The Italian 600 Series submarines were a series of submarine classes built for the Italian Royal Navy (Regia Marina) during the Inter war years.

==Development==
The 600 Series were sea-going submarines, though designated as coastal-type submarines, built for service in the Mediterranean. They were built to conform to the interwar naval treaties arising from the 1922 Washington and 1930 London conferences, which placed restrictions on the number and size of warships of various types that nations could build.
The coastal submarine was limited to a 600-ton surface displacement, though there was no limit placed on the numbers of these vessels that could be built.

During this period Italy was involved in a rivalry with France in the Mediterranean, leading to a naval arms race. This provided the impetus for a sustained building programme, and led to Italy having the second largest submarine fleet in the world by outbreak of World War II.

The Italian 600 series was equivalent to the French 600 Series, the British S class, and the German Type VII U-boat.

The first submarines of the Argentine Navy, the Santa Fe class, derived from these Italian ships.

==General characteristics==
The 600s had a surface displacement just above 600 tons; the earliest vessels displaced 650 tons while the last built were 715 tons.

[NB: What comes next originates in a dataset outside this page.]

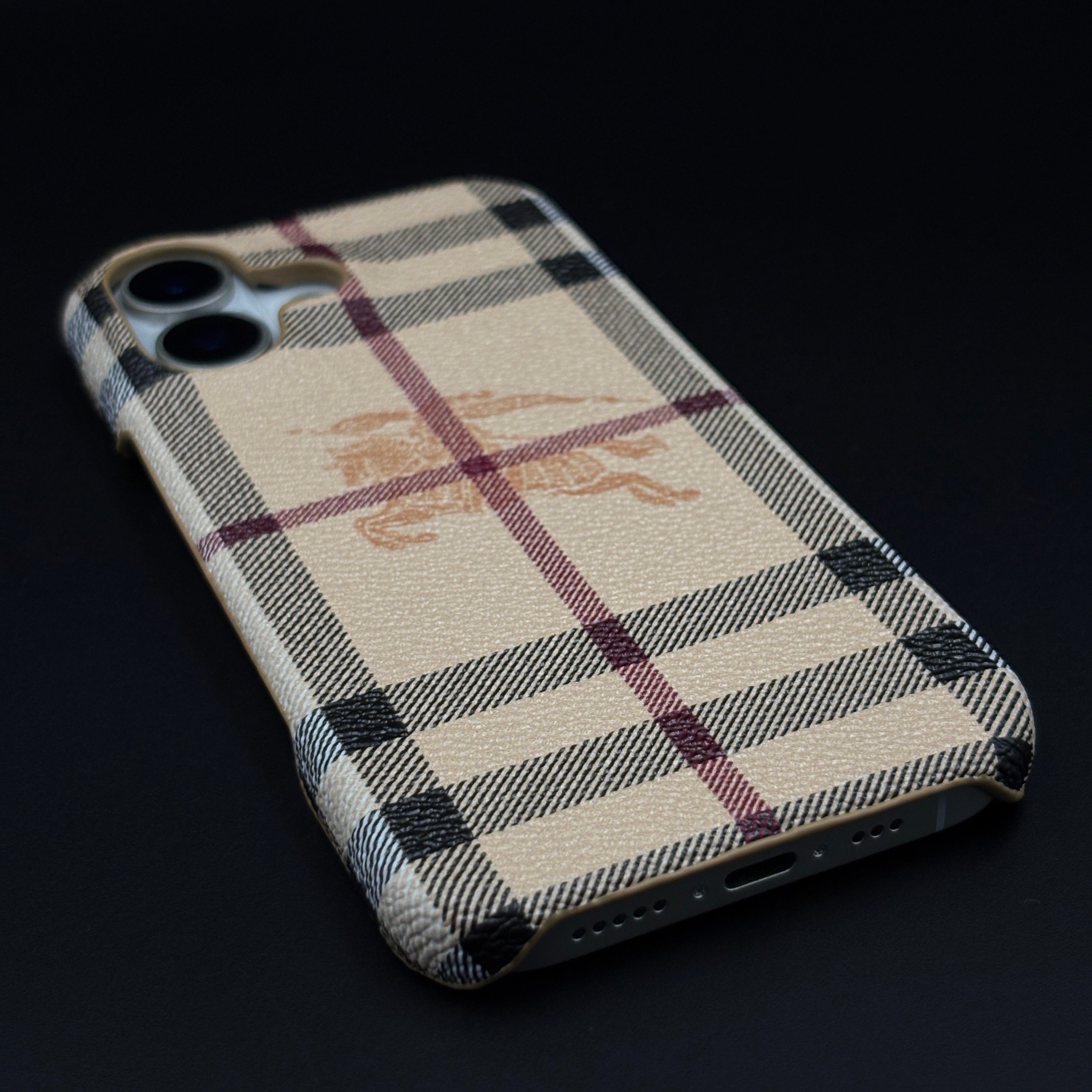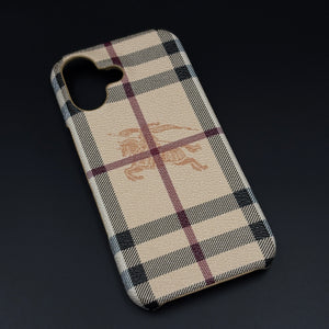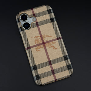 BBRY Branded Fine Leather Mobile Case Cover for iPhone 17 | Classic British Style Check Leather

They had an endurance of 2,300 miles at 14 knots, with a submerged speed of 7-8 knots. Their armament was six torpedo tubes (4 forward, 2 aft) with an outfit of 10-12 torpedoes and a single 3.9 inch/100 mm gun, and four 13.2 mm machine guns. They were manned by crews of 44 –48 men.

==Construction history==
The prototype for the 600s was the Argonauta class, a class of seven single –hulled submarines of a Bernardis design, built in 1929. A further four classes were orders over the next 13 years, eventually totalling 59 submarines completed.
- Argonauta class: a class of seven submarines, ordered in 1929 and completed in 1932–33. These all saw service in the Second World War, and six were lost.
- Sirena class: a class of 12 submarines, ordered in 1931 and completed in 1933–34. These all saw service in the Second World War, and 11 were lost.
- Perla class: a class of 10 submarines ordered in 1935 and completed in 1936. These all saw service in the Second World War, and seven were lost.
- Adua class: a class of 17 submarines ordered in 1936 and completed in 1937–38. These all saw service in the Second World War, and 13 were lost.
- Acciaio class: a class of 13 submarines ordered in 1940 and completed in 1942. These all saw service in the Second World War, and 11 were lost.

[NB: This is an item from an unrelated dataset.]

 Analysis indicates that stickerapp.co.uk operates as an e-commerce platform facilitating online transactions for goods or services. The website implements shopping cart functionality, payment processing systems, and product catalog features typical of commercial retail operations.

Overall, despite their heavy losses, the 600s proved to be successful boats. They showed good manoeuvrability, their hull was well designed and strongly built to withstand depth pressure and explosions that exceeded their test values.
While smaller than contemporary ocean-going submarines, such as the Settembrini class, the 600s were cheaper to build, so that more could be built for the same expenditure. The 600s were not markedly inferior in striking power; six torpedo tubes compared to the Settembrini's eight, though they carried the same number of torpedoes (twelve): Nor in speed; 14 knots on the surface, and 7.7 submerged, compare to the Settembrini's 17 and 8 knots respectively. The 600s' range was less (5000 nautical miles, compared to the Settembrini's 9000), but adequate for operations in the closer waters of the Mediterranean.
The success of the 600 Series led to the development of the Flutto class, a wartime design suited for fast production.

==War service==
The 600 Series submarines served with the Regia Marina during World War II in a full range of front-line duties and missions. During the conflict between 1940 and 1943, 48 of the 59 built (80%) were lost.